▶ _WORK ITEM_: Repeat every line of the data exactly; the pictures stay out.

▶ _STORED DATA_:

*** Begin section ***

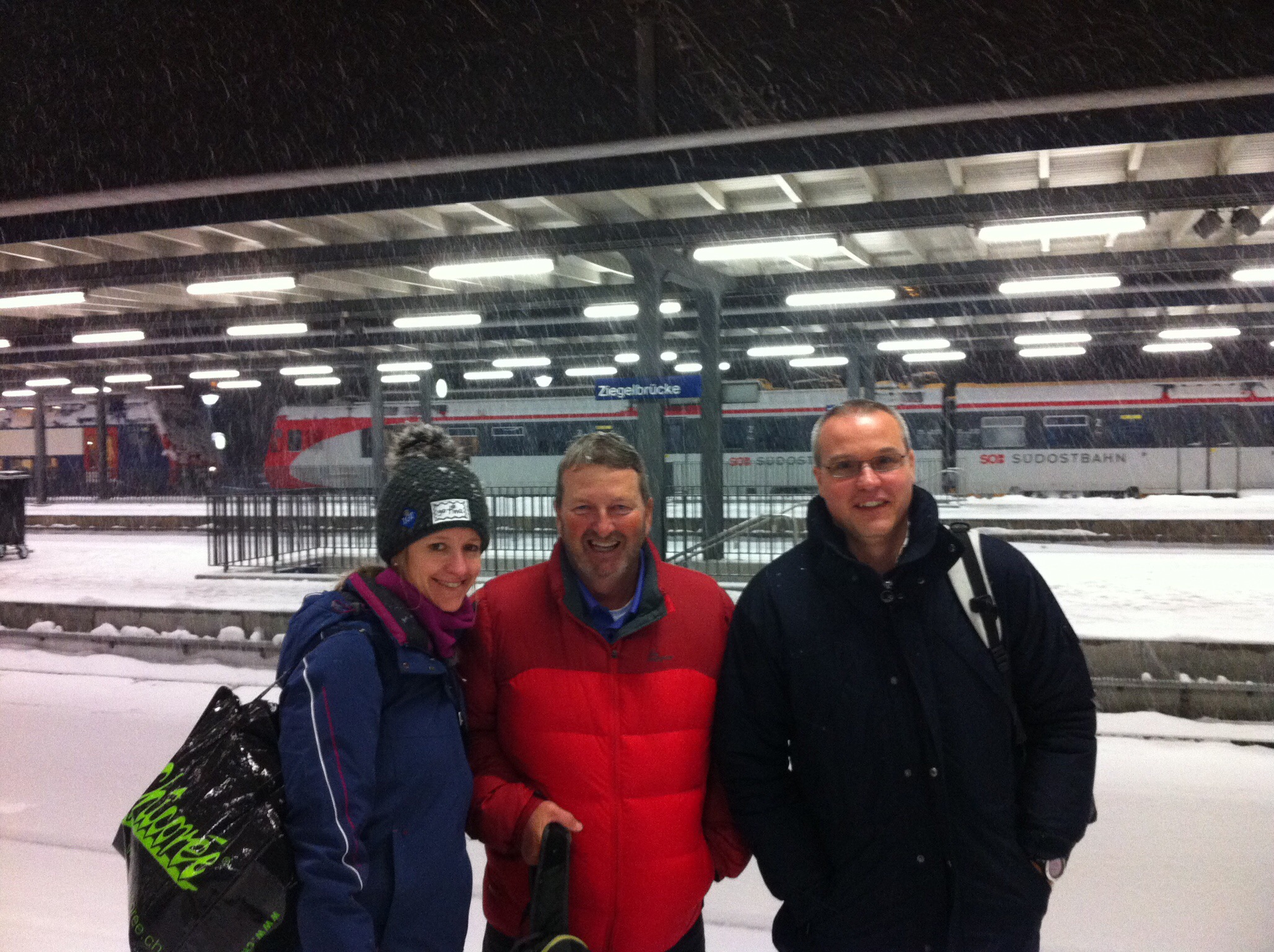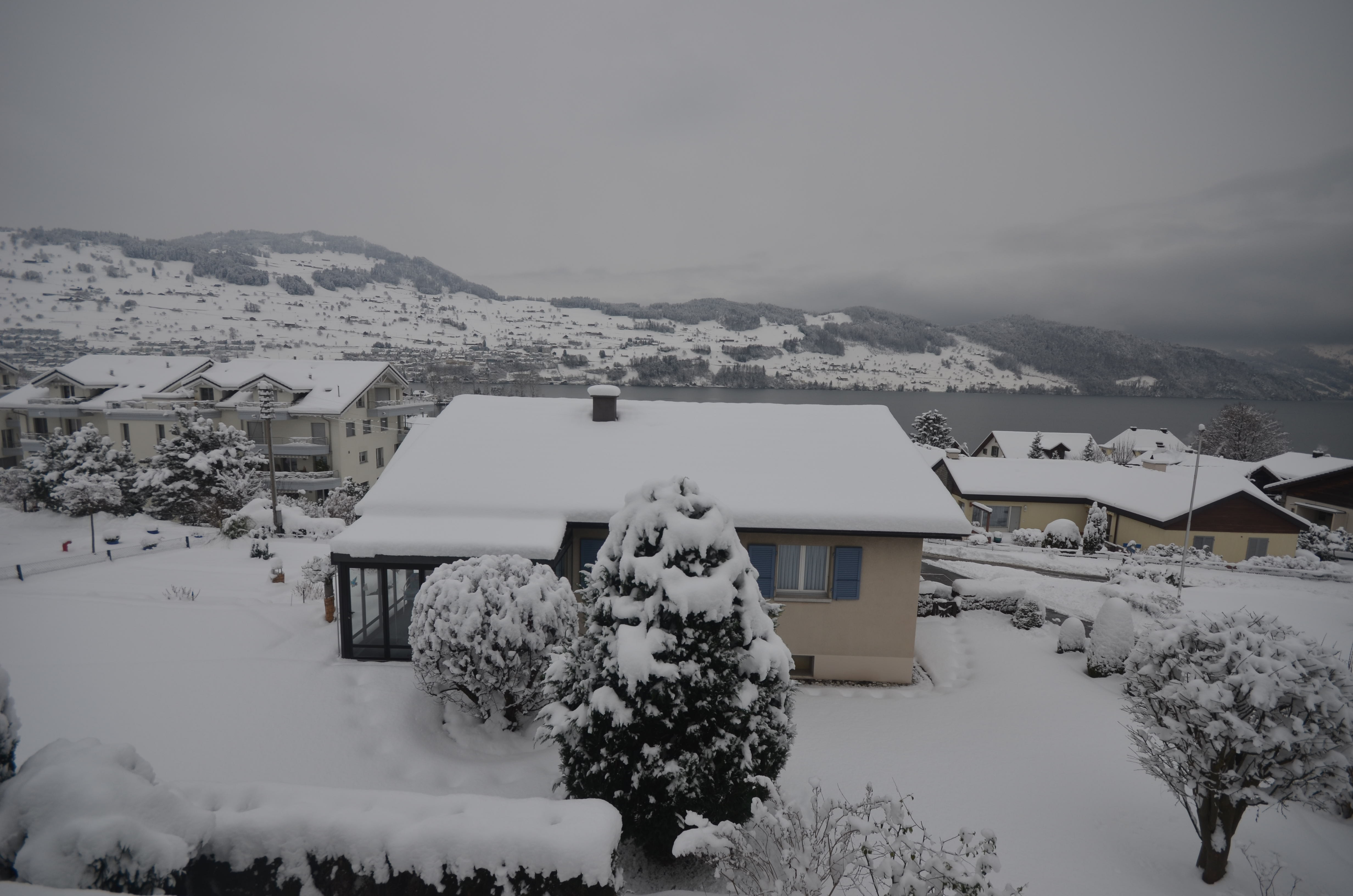 After breakfast we went to the Landerpark which is a shopping centre. While we were there it started snowing quite heavily. We were supposed to be driving to Karin’s brother’s place about an hour and a half away for dinner.We decided it would be safer to take the train – we had to change trains a few times so the journey took about two and a half hours but it was definitely the safer option. We walked from the train station to Michael & Aileen’s apartment along the river bank in the snow – it was a bit chilly but nice to be at one with nature. Aileen prepared Arrabbiata sauce and pasta for dinner which was perfect. We sat in their winter garden which is like a conservatory – luckily they had heating : ) It was very cool looking out at the snow covered lawn and when I say covered I mean by about half a metre of snow. As the evening progressed the snow covering continued to grow. Michael drove us to the train station at the end of the evening – the roads were covered with snow which made for fun driving. We got back to the train station in Fluelen just before 1am and had to de snow Elvis’s car so we could drive home. We couldn’t get up the driveway when we got home so Elvis parked the car at the lake.
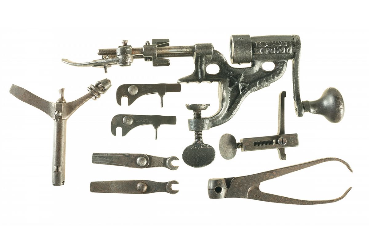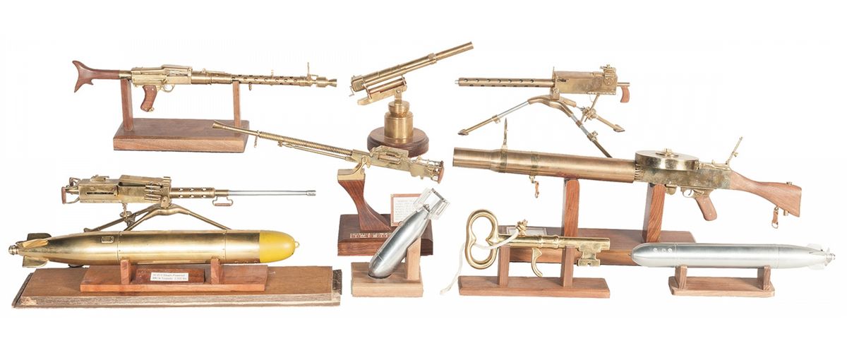 1) Lewis 30 Caliber machine gun with wooden stand. 2) German MG42 machine gun with wooden stand. 3) German antiaircraft gun. 4) Polish SG 43 Goryunov machine gun with wooden stand. 5) M2HB 50 Caliber machine gun. 6) Browning .30 M2 Model 1919 Machine Gun. 7) Torpedo with wooden stand. 8) Key gun with wooden stand. 9) Aluminum torpedo with wooden stand. 10) Aluminum gravity bomb with wooden stand. 11) Cased Signal Cannon Civil War type small brass signal cannon with touch hole. Includes a caisson. In a 29 1/2" long, 13" wide, 10" tall case. 12) 1 Lyman Ideal 12 gauge roll crimper, 2 Model 1879 trapdoor Springfield multi-tools, 1 single cavity bullet mold, 2 unmarked multi-tools, 1 unmarked clamping tool and 1 unmarked multi-tool. All items are very good.
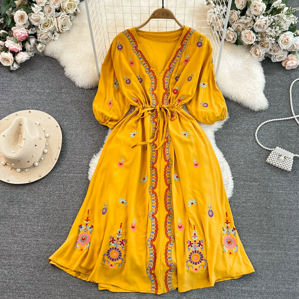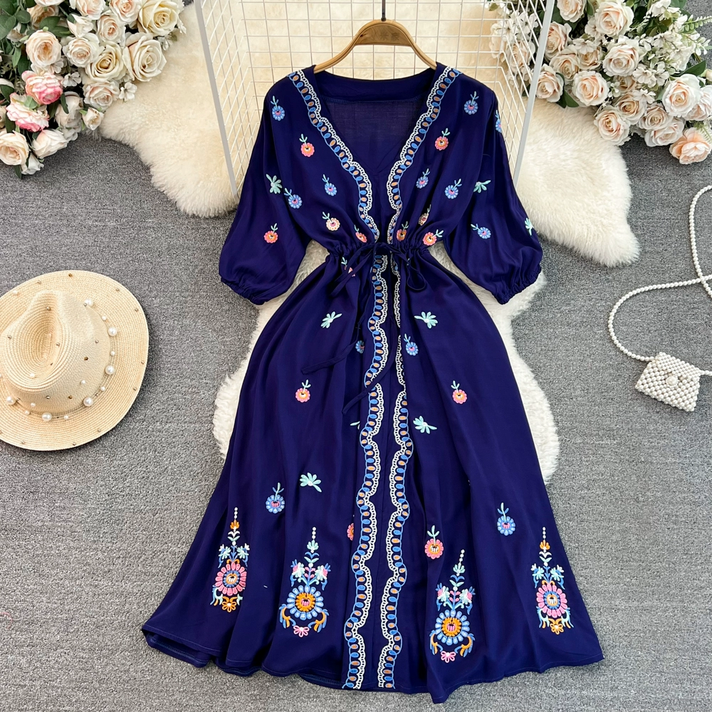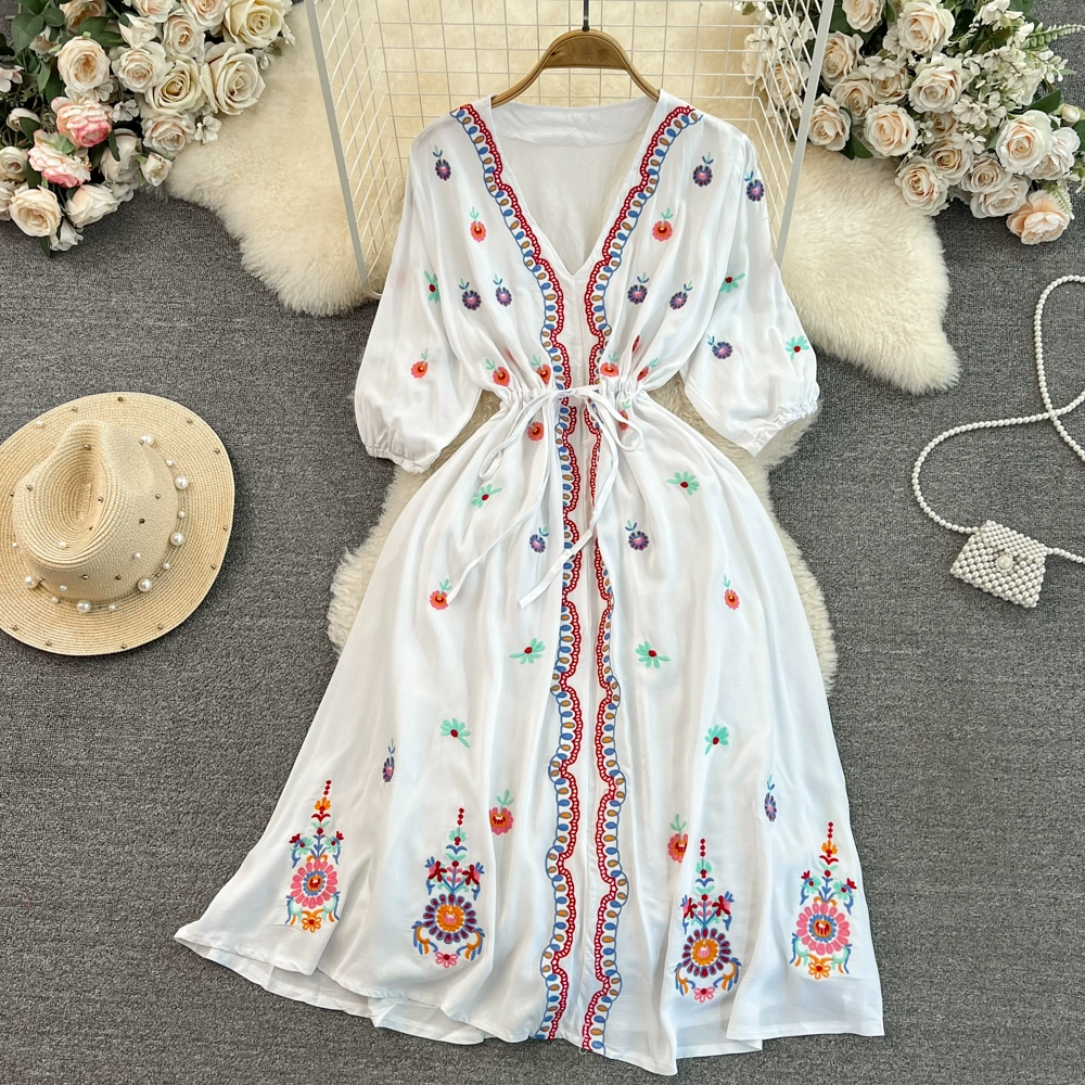| nameOriginal | Bohemian ethnic style V-neck A-line beach skirt with embroidery |

*** End section ***

▶ _ANSWER SPACE_:
 After breakfast we went to the Landerpark which is a shopping centre. While we were there it started snowing quite heavily. We were supposed to be driving to Karin’s brother’s place about an hour and a half away for dinner.We decided it would be safer to take the train – we had to change trains a few times so the journey took about two and a half hours but it was definitely the safer option. We walked from the train station to Michael & Aileen’s apartment along the river bank in the snow – it was a bit chilly but nice to be at one with nature. Aileen prepared Arrabbiata sauce and pasta for dinner which was perfect. We sat in their winter garden which is like a conservatory – luckily they had heating : ) It was very cool looking out at the snow covered lawn and when I say covered I mean by about half a metre of snow. As the evening progressed the snow covering continued to grow. Michael drove us to the train station at the end of the evening – the roads were covered with snow which made for fun driving. We got back to the train station in Fluelen just before 1am and had to de snow Elvis’s car so we could drive home. We couldn’t get up the driveway when we got home so Elvis parked the car at the lake.
 1) Lewis 30 Caliber machine gun with wooden stand. 2) German MG42 machine gun with wooden stand. 3) German antiaircraft gun. 4) Polish SG 43 Goryunov machine gun with wooden stand. 5) M2HB 50 Caliber machine gun. 6) Browning .30 M2 Model 1919 Machine Gun. 7) Torpedo with wooden stand. 8) Key gun with wooden stand. 9) Aluminum torpedo with wooden stand. 10) Aluminum gravity bomb with wooden stand. 11) Cased Signal Cannon Civil War type small brass signal cannon with touch hole. Includes a caisson. In a 29 1/2" long, 13" wide, 10" tall case. 12) 1 Lyman Ideal 12 gauge roll crimper, 2 Model 1879 trapdoor Springfield multi-tools, 1 single cavity bullet mold, 2 unmarked multi-tools, 1 unmarked clamping tool and 1 unmarked multi-tool. All items are very good.
| nameOriginal | Bohemian ethnic style V-neck A-line beach skirt with embroidery |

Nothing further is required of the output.